C'est galamment et vaillamment parler; et cependant, si je ne me trompe, je ne suis pas connue de vous.

FORTUNIO.

L'étoile qui brille à l'horizon ne connaît pas les yeux qui la regardent; mais elle est connue du moindre pâtre qui chemine sur le coteau.

JACQUELINE.

C'est un secret que j'ai à vous dire, et j'hésite par deux motifs: d'abord vous pouvez me trahir, et en second lieu, même en me servant, prendre de moi mauvaise opinion.

FORTUNIO.

Puis-je me soumettre à quelque épreuve? Je vous supplie de croire en moi.

JACQUELINE.

Mais, comme vous dites, vous êtes bien jeune. Vous-même, vous pouvez croire en vous, et ne pas toujours en répondre.

FORTUNIO.

Vous êtes plus belle que je ne suis jeune; de ce que mon cœur sent, j'en réponds.

JACQUELINE.

La nécessité est imprudente.
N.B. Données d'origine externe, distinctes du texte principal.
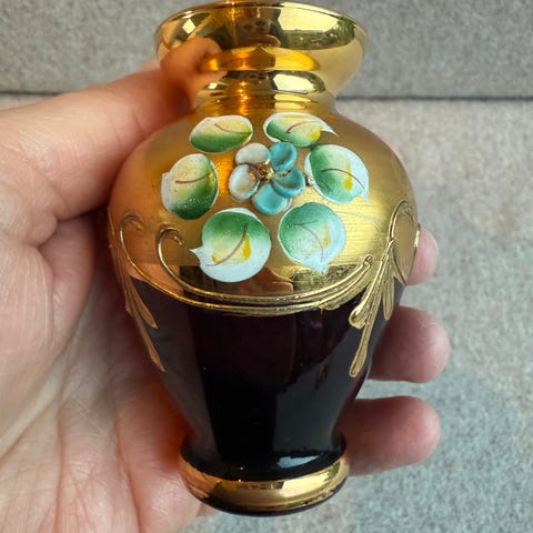 Smukke, italienske vintage solifleur vaser i flot, farvet Murano kunstglas i rød, grøn og blå og med håndmalede gulddekorationer.
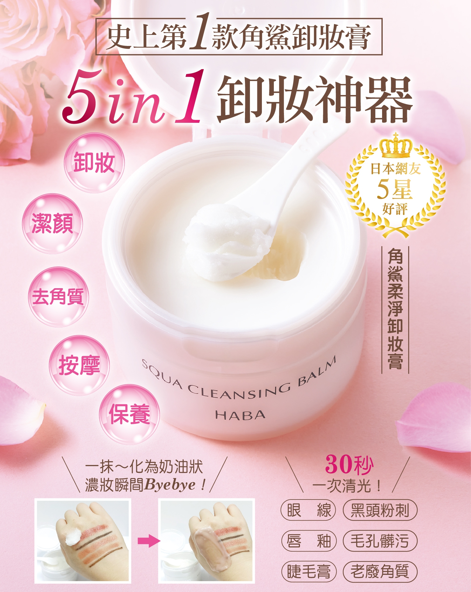 ![]() 就像用精華液卸妝!超奢華淨潤SPA 以HABA明星成分-角鯊,打造史上第一款角鯊卸妝凝膏。新型態的膏狀質地,接觸到肌膚後會瞬間融化為奶油狀,不需用力搓揉,也能輕鬆延展推勻,迅速與臉上的彩妝融合。 ![]() 彩妝瞬間KO,老舊角質Byebye 濃重的眼妝、唇妝也能輕鬆卸除,還能深入毛孔帶走髒污,連老舊角質、討人厭的粉刺也一乾二淨! ![]() 豐富美肌成分,洗後淨透好柔嫩 蘊含天然花果植萃美肌成分,為肌膚留住水潤;優雅玫瑰香,邊卸妝邊享受舒適療癒香氛。 ![]() ♥西洋梨精華:溫和去角質 ♥蘆薈精華:安撫舒緩 ♥橙果皮精華:柔嫩明亮 洗卸2 in 1,旅行好方便 卸妝 × 洗臉一次完成,洗完後不需再以洗面乳洗臉。不用擔心外漏的膏狀質地,旅行外出也能方便攜帶。 相關推薦商品

Voyez si personne n'écoute.

FORTUNIO.

Personne; ce jardin est désert, et j'ai fermé la porte de l'étude.

JACQUELINE.

Non, décidément, je ne puis parler; pardonnez-moi cette démarche inutile, et qu'il n'en soit jamais question.

FORTUNIO.

Hélas! madame, je suis bien malheureux! il en sera comme il vous plaira.

JACQUELINE.

C'est que la position où je suis n'a vraiment pas le sens commun. J'aurais besoin, vous l'avouerai-je? non pas tout à fait d'un ami, et cependant d'une action d'ami. Je ne sais à quoi me résoudre. Je me promenais dans ce jardin, en regardant ces espaliers; et je vous dis, je ne sais pourquoi, je vous ai vu à cette fenêtre, j'ai eu l'idée de vous faire appeler.